# Annabelle's Waiting Thread! When will she pop?!



## Little-Bits-N-Pieces (Apr 7, 2013)

After waiting for her to grow up, then having to wait for my bull to get big enough, I'm finally going to get a little calf out of Annabelle! :leap: I'm really excited, I've been waiting quite a while!!

Only thing is, I have NO idea when she's due. At the absolute latest she would be due in July as I sold the bull in September, and that would be putting her at 4 months along right now, but I feel like she is further along than that...

It has been a very long time since I've had any heifers calve here, so I'm not that savvy on a heifer's udder development.
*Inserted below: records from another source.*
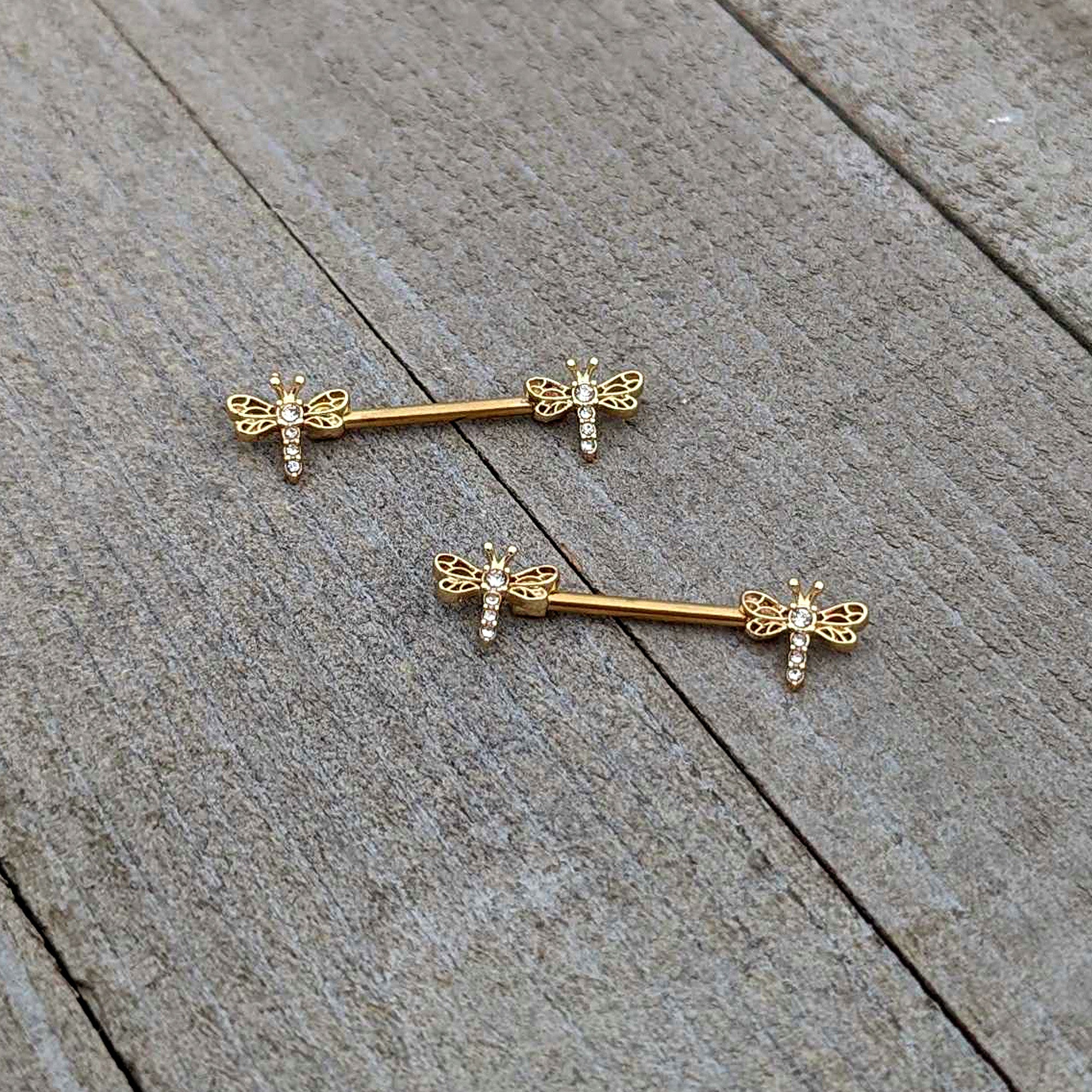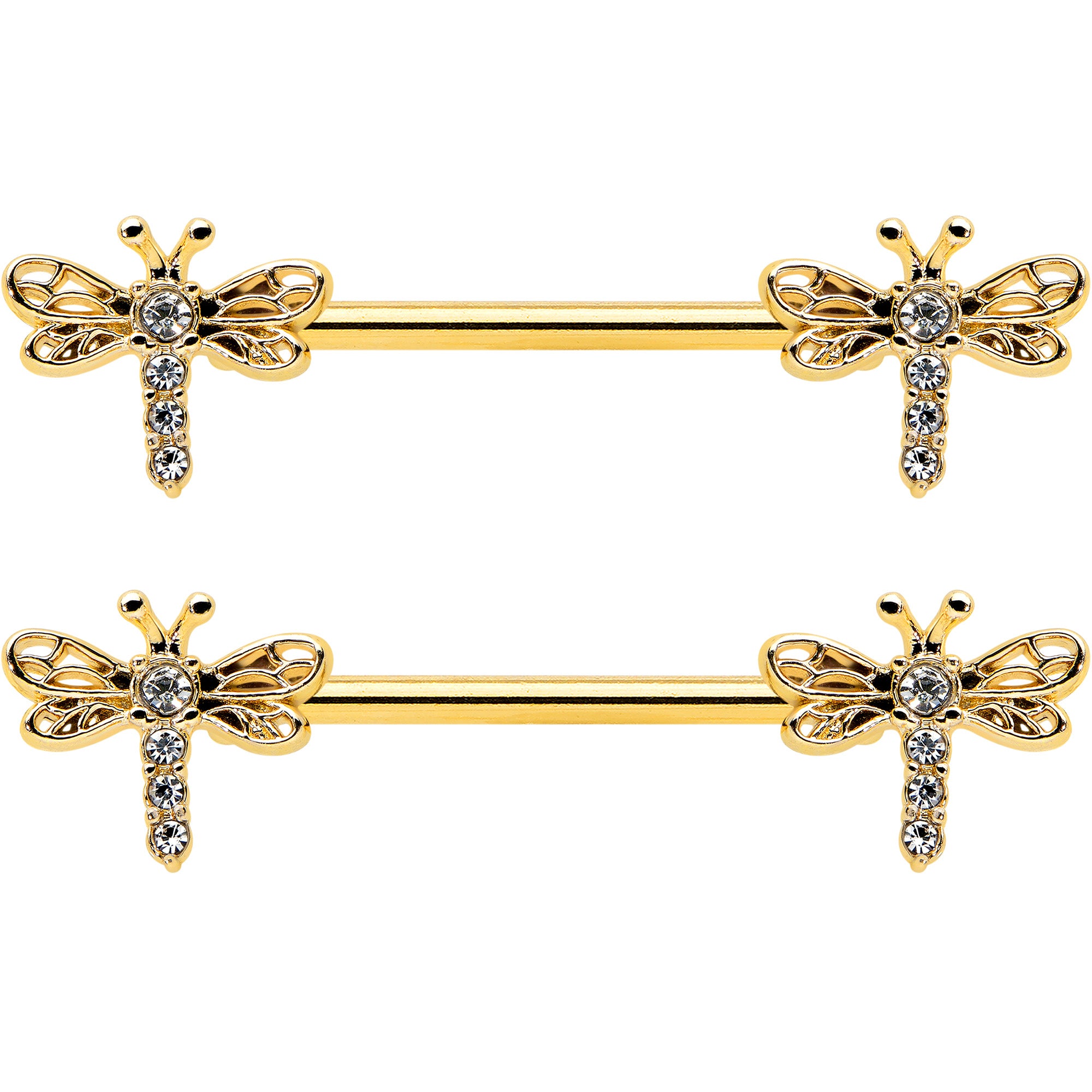 Let your look soar with this 14 gauge nipple jewelry! It's made with 14mm gold tone PVD over 316L surgical grade stainless steel straight barbells. Each of the ends features a dragonfly charm. The dragonflies feature openwork wings and bodies and tails composed entirely of small clear gems. You'll want to fly too when you're rocking these darling, dragonfly nipple piercing rings! Sold as a set of two.
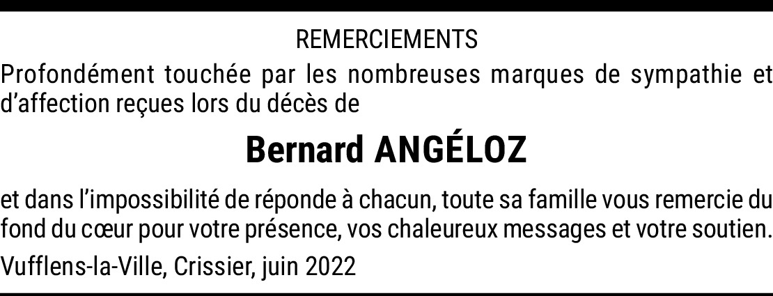Lors de la perte d'un être cher, notre peine est immense. Dans ces moments de douleurs profondes, les gens se rassemblent pour soutenir ceux qui restent. J'espère que cette pensée sincère de sympathie et de compréhension pourra vous être d'un certain réconfort. Mes plus sincères condoléances.
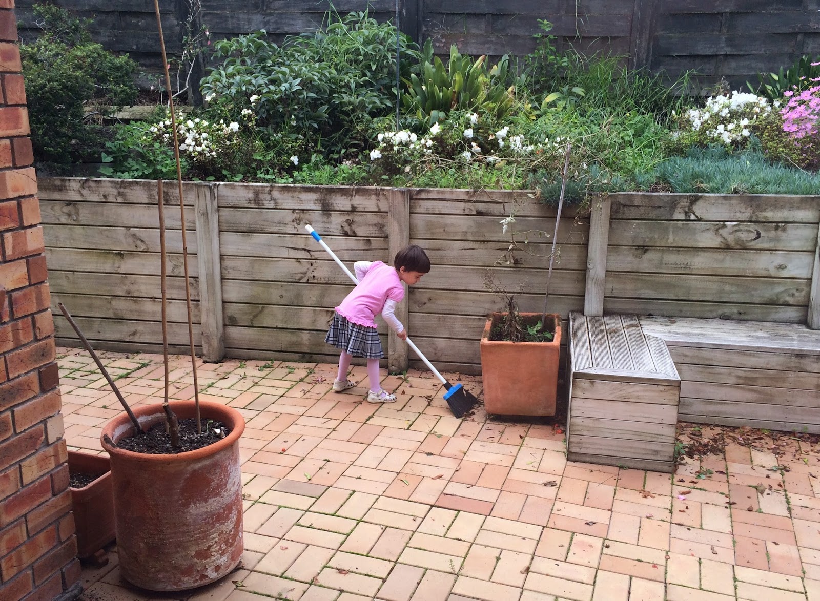 Наличие садика/огородика перед домом сподвигло детей копаться там в земле, лазать по лавочкам и пинать мячи на патио.
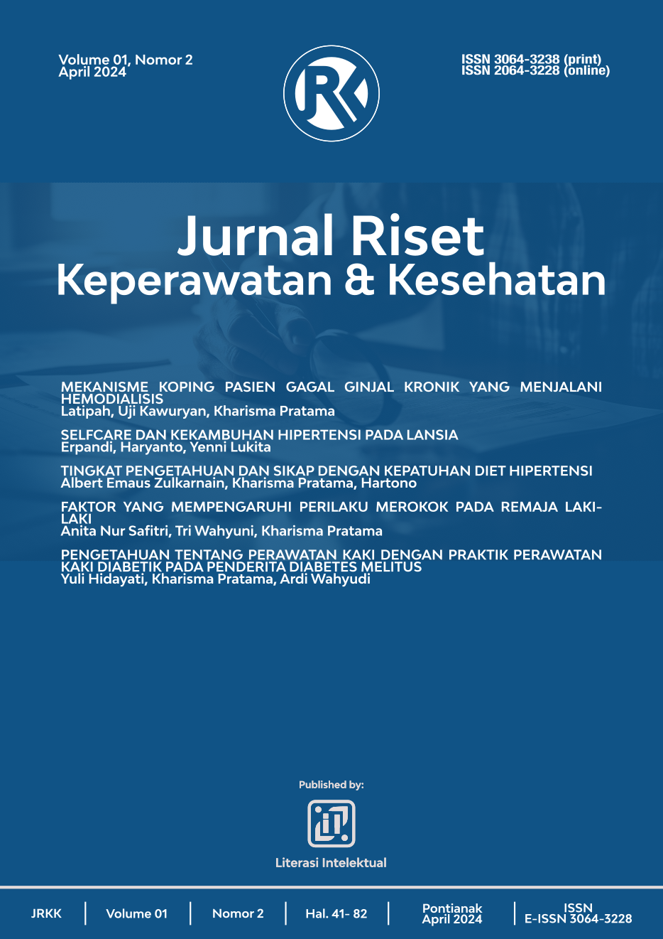 Background: Diabetes mellitus is one of the major non-communicable diseases with high prevalence and severe complications, such as diabetic foot ulcers, which may lead to amputation. Preventive efforts through proper foot care largely depend on patients’ knowledge levels. Objective: This study aimed to determine the relationship between knowledge level and foot care practices among patients with diabetes mellitus in the working area of Sungai Baru Public Health Center, Teluk Keramat District, Sambas Regency. Methods: This research employed a quantitative correlational design with a survey approach involving 44 respondents selected using Proportionate Stratified Random Sampling. Data were collected using the standardized Diabetes Foot Knowledge Questionnaire and the Nottingham Assessment of Functional Footcare. Data analysis was performed using the Chi-Square test with a 95% confidence level. Results: Most respondents were under 55 years old (65.9%), female (54.5%), had elementary education (38.6%), and earned below Rp2,792,599 (93.2%). A total of 61.4% of respondents had good knowledge, and 54.5% had good foot care practices. The Chi-Square test showed a significant relationship between knowledge and diabetic foot care practices (p=0.00). Conclusion: There is a significant correlation between knowledge and foot care practices among diabetes mellitus patients. Continuous health education and nurse-led assistance are essential to improve self-care behaviors and prevent diabetic foot ulcers.
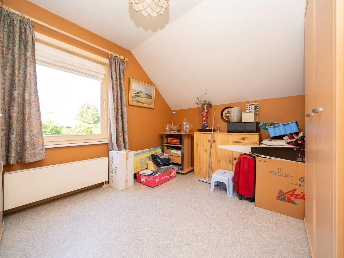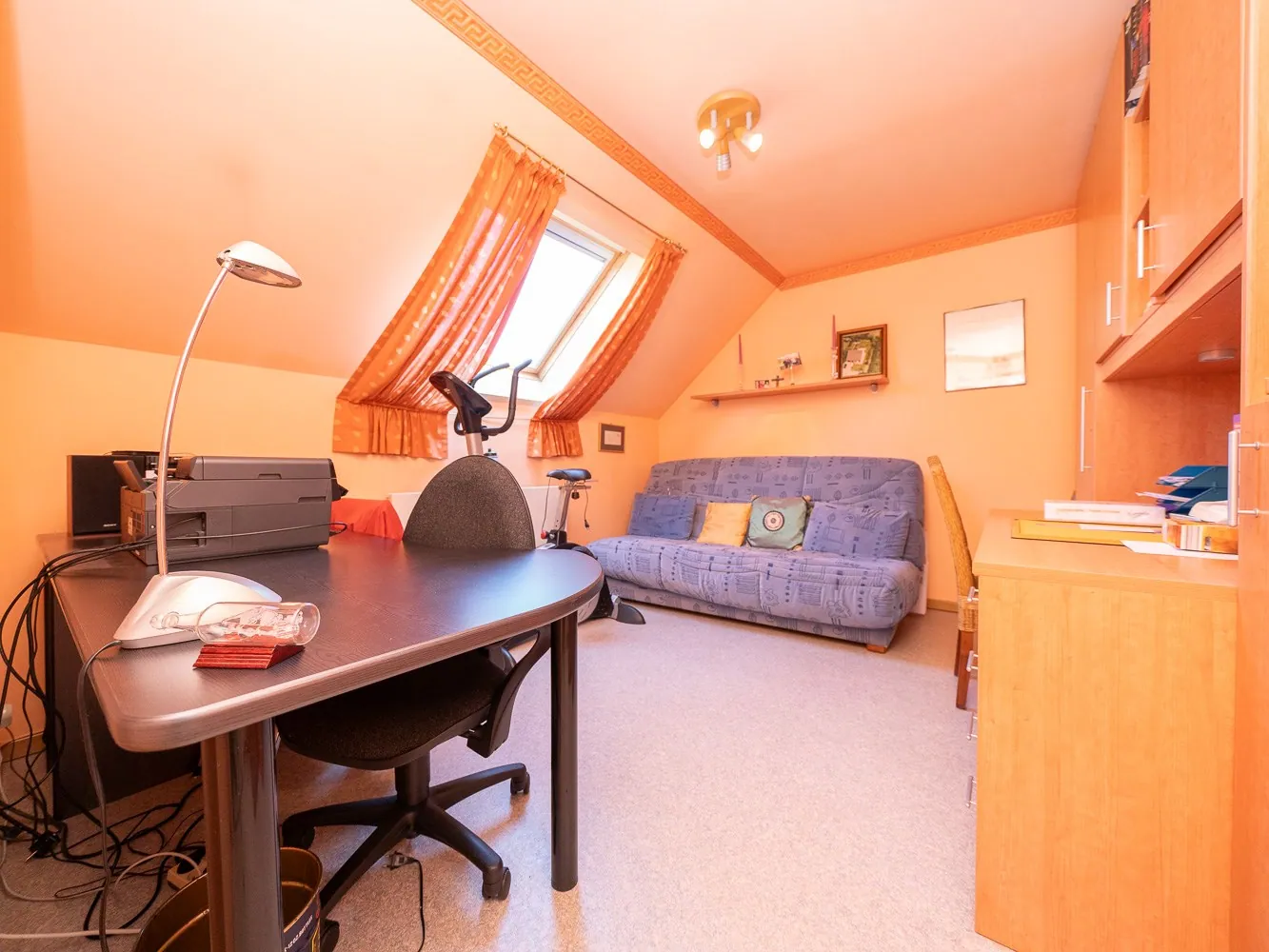 De verdieping omvat 4 slaapkamers (9,5 – 10,5 – 12,5 - 17m²) met naastgelegen de badkamer (8m²) voorzien van een douche en dubbele wastafel en een tweede, afzonderlijk toilet. Alle gebruikte materialen zijn van degelijke kwaliteit en de woning werd zeer goed onderhouden.

Here is my fat Annabelle, she is usually enormous, this is her being thin. I was out of hay yesterday and my sister brought me some for them this morning, so she didn't have the chance to fill up before the pictures :lol:

So what do you guys think? On track for a July calf or earlier? Did I mention I'm excited!! :greengrin:

May 20th. Just udder wrinkles.








October 3rd. Seems to be filling out those wrinkles.















Today (January 20th). A lot more filled out all around, building her fore udder and gaining definition.


----------



## Crossroads Boers (Feb 19, 2011)

I don't know anything about cows calving or how she should look, but I LOVE her name and she's beautiful! Happy calving!!


----------



## Little-Bits-N-Pieces (Apr 7, 2013)

Thanks! I cant wait!!  She's bred to a red and white bull, so I'm hoping for color! 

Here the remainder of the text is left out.